— What is being asked —
Only some lines are wanted. Transcribe, exactly, the lines below from the line with "FN + Q/W/E, el" up to and including the line with "圖片說明:鋰硫電池面臨的問題、策略、機(jī)制、前景和挑戰(zhàn)".

— Dataset records —
- - -
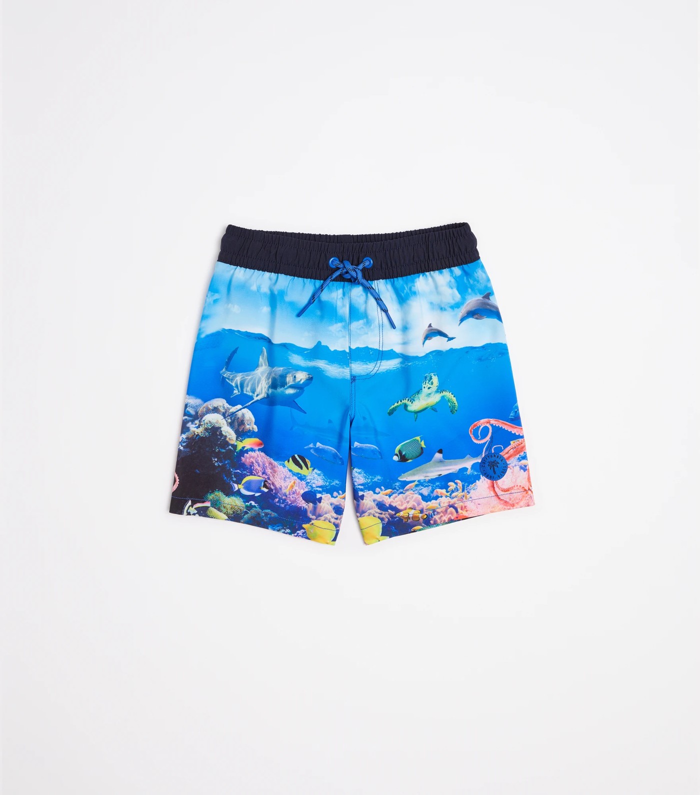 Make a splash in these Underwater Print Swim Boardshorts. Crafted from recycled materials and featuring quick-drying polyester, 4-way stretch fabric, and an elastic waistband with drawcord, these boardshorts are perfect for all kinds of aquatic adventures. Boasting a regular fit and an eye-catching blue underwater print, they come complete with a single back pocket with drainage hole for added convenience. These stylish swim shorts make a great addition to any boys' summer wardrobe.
- - -
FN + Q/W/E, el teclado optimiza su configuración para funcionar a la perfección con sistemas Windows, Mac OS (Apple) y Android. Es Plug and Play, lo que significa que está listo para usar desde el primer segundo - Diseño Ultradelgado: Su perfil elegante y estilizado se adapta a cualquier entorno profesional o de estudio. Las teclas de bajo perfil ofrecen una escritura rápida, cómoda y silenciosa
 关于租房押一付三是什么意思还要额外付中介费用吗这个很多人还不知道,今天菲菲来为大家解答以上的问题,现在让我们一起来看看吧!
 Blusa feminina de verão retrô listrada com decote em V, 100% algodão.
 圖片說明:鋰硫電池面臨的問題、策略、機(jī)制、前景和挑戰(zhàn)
- - -
— Expected answer —
FN + Q/W/E, el teclado optimiza su configuración para funcionar a la perfección con sistemas Windows, Mac OS (Apple) y Android. Es Plug and Play, lo que significa que está listo para usar desde el primer segundo - Diseño Ultradelgado: Su perfil elegante y estilizado se adapta a cualquier entorno profesional o de estudio. Las teclas de bajo perfil ofrecen una escritura rápida, cómoda y silenciosa
 关于租房押一付三是什么意思还要额外付中介费用吗这个很多人还不知道,今天菲菲来为大家解答以上的问题,现在让我们一起来看看吧!
 Blusa feminina de verão retrô listrada com decote em V, 100% algodão.
 圖片說明:鋰硫電池面臨的問題、策略、機(jī)制、前景和挑戰(zhàn)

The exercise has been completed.